Dalam pola ini agama mengakomodasi budaya sebagai media menyampaikan nilai agama kepada masyarakat. Contoh, wayang kulit, lagu reliji, nasyid, qashidah dll. Di dalam budaya musik dan wayang agama menjadi ruh, budaya menjadi ruang yang diisi ruh agama. Budaya menjadi landasan yang melembutkan agama masuk dalam kehidupan masyarakat. Agama berendam dalam lumpur budaya.

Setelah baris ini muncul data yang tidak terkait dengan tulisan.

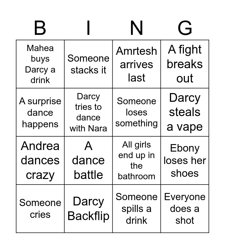 This bingo card has 16 words: Darcy Backflip, Ebony loses her shoes, Amrtesh arrives last, Mahea buys Darcy a drink, Andrea dances crazy, Someone stacks it, All girls end up in the bathroom, Someone spills a drink, A surprise dance happens, Darcy tries to dance with Nara, Someone cries, A fight breaks out, A dance battle, Darcy steals a vape, Someone loses something and Everyone does a shot.

Agama menjadi lebih bermakna dan tidak kaku ketika menjadikan budaya sebagai media berinteraksi dengan masyarakat.Integrasi agama dan budaya menjadi corak peradaban bangsa. Negara Pancasila mampu membangun sebuah falsafah dan cara pandang bangsa tentang masyarakat yang relijius dan berbudaya. Sebuah bangsa yang mampu mengintegrasikan nilai-nilai agama dalam kebudayaan nusantara. Karena itulah, corak agama yang masuk ke nusantara menampilkan sebuah ekspresi keagamaan yang khas bumi nusantara. Agama dan budaya menjadi pondasi bagi pembentukan karakter peradaban bangsa. jalandamai.org
Maka di era globalisasi-disrupsi dimana sukar dibendung arus informasi dan media yang disitu tercakup budaya luar yang merusak, maka ajaran trisakti Soekarno menemukan pembenarannya, yaitu mandiri dalam bidang politik, ekonomi dan budaya. Jika kita menjadikan budaya sebagai infrastruktur agama, maka tidak perlu terjadi gegar budaya. Kita punya budaya artinya kita punya identitas yang melekat di diri kita demi mempertahankan identitas dan membentuk karakter budaya bangsa. Karena budaya adalah kiblat berkebangsaan, jati diri bangsa diserap dari situ.
Agama bukan kedok, tapi nilai
Pada titik inilah, sangat tidak bijak apabila membenturkan agama dan budaya. Baik agama maupun budaya telah menjadi bahan pokok dari racikan pembentukan karakter bangsa. Agama menjadi semakin lestari di bumi nusantara karena mampu merawat budaya. Dan budaya semakin beradab dengan masuknya nilai-nilai agama.
Karena agama itu ruh, dan budaya itu ruang, maka tidak perlu terjadi benturan antara agama dan budaya. Beribadah dengan memakai batik dan baju koko yang budaya/pakaian nusantara, lebih bermartabat berbudaya ketimbang berdemo memakai gamis yang notabene budaya/pakaian arab.
mereka yang berdemo menggunakan atribut budaya itu untuk alasan politik bukan untuk ibadah. Kalau tujuan mereka untuk ibadah, harusnya kan gamis digunakan buat shalat, bukan untuk demo. Jadi jelaslah agama itu cuma dijadikan kedok untuk mengagitasi masa, karena agama adalah alat yang kuat untuk memancing sentimen dan fanatisme sara. Padahal di luar persaudaraan agama, ada persaudaraan sebangsa, dan sesama manusia.